Three alleged bogus workers – employed as security guards – were arrested in a co-ordinated strike on the home ground of Newcastle United.
It came just 24 hours before Mexico and South Korea kicked off Tyneside’s Olympic celebrations.
UK Border Agency workers made the arrests alongside officers from Northumbria Police after acting on intelligence and carrying out routine checks.
The suspected illegal immigrants had been contracted in to provide security at the site and had already been installed at their posts, it is believed.
It comes just days after Tyneside doormen were drafted in from private security firms to protect the stadium.

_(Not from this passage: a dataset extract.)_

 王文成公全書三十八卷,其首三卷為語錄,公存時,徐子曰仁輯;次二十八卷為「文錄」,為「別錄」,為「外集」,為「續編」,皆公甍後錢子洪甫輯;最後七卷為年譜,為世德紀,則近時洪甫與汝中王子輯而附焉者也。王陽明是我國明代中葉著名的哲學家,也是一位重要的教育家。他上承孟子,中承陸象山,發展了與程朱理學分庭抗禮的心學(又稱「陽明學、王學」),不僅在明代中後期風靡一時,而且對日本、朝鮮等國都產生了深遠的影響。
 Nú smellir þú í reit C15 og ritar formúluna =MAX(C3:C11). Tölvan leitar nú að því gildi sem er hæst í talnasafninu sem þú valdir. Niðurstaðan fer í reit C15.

The Chronicle understands those arrested were brought into the city by the London Organising Committee of the Olympic Games(LOCOG) from a security company based in the south of the country.
LOCOG were unable to comment on the incident, but a spokesman from the Home Office confirmed they had staged the sting on Wednesday.

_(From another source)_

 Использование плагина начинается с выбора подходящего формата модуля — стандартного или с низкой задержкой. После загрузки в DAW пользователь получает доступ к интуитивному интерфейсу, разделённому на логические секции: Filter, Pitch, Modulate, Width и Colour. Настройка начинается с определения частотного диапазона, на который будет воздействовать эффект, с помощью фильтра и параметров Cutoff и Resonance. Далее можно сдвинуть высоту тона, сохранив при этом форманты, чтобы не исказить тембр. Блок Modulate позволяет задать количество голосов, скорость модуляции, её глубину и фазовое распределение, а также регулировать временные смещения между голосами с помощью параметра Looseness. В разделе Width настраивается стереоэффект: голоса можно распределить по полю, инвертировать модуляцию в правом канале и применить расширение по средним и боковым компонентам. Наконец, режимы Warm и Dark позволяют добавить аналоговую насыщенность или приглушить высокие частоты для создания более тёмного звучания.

The spokesman said: “These arrests show that UK Border Agency security checks are working.
“The responsibility for ensuring employees have the right to work in the UK rests with the employer.
“The UK Border Agency is working closely with employers and contractors at Olympics venues to prevent illegal working.”
Security firm G4S have faced heavy criticism in the run-up to the Olympics in Newcastle, after they failed to live up to their promise of providing security staff on Tyneside.
Earlier this week more than 500 staff from security firms across the country were called in to patrol St James’ Park, check bags, marshal spectators and carry out routine public safety and security functions for the tournament, which runs to August 4.
It was the latest foul-up by the company after it emerged this month they had failed to ensure enough security staff turned up to provide protection for footballers staying at the Hilton Hotel in Gateshead.
On that occasion Northumbria Police were forced to step in.
But today Olympic chiefs were facing fresh criticism after police helped Border Agency officers carry out the arrests at St James’ Park.
Home Office officials were unable to release the nationalities or ages of those arrested, but confirmed they had carried out a raid.
Meanwhile, a Northumbria Police spokesman said: “On Wednesday, July 25, officers carried out a number of arrests in conjunction with the UK Border Agency in connection with suspected immigration offences.”
Last week two Olympic security guards were arrested on suspicion of being illegal immigrants at Coventry’s Ricoh Stadium. One was due to be a supervisor for G4S.
The Pakistani pair, aged 21 and 24, are believed to have been working for several weeks at the ground, which is one of the 2012 football venues.
LOCOG further came under fire after fans reported delays getting into St James’ Park prior to Mexico’s goalless draw with South Korea.
Today Newcastle City Council’s director of operations 2012, Stephen Savage, said: “LOCOG are responsible for ticketing, sales andcollections, and as soon as the city council became aware of the delays we made the strongest representations to LOCOG to tackle this issue.
“I’m pleased they have now come up with a solution to reduce delays.
“The atmosphere at yesterday’s games was absolutely marvellous and the fans of Mexico, Korea, Gabon and Switzerland were a credit to their nations.”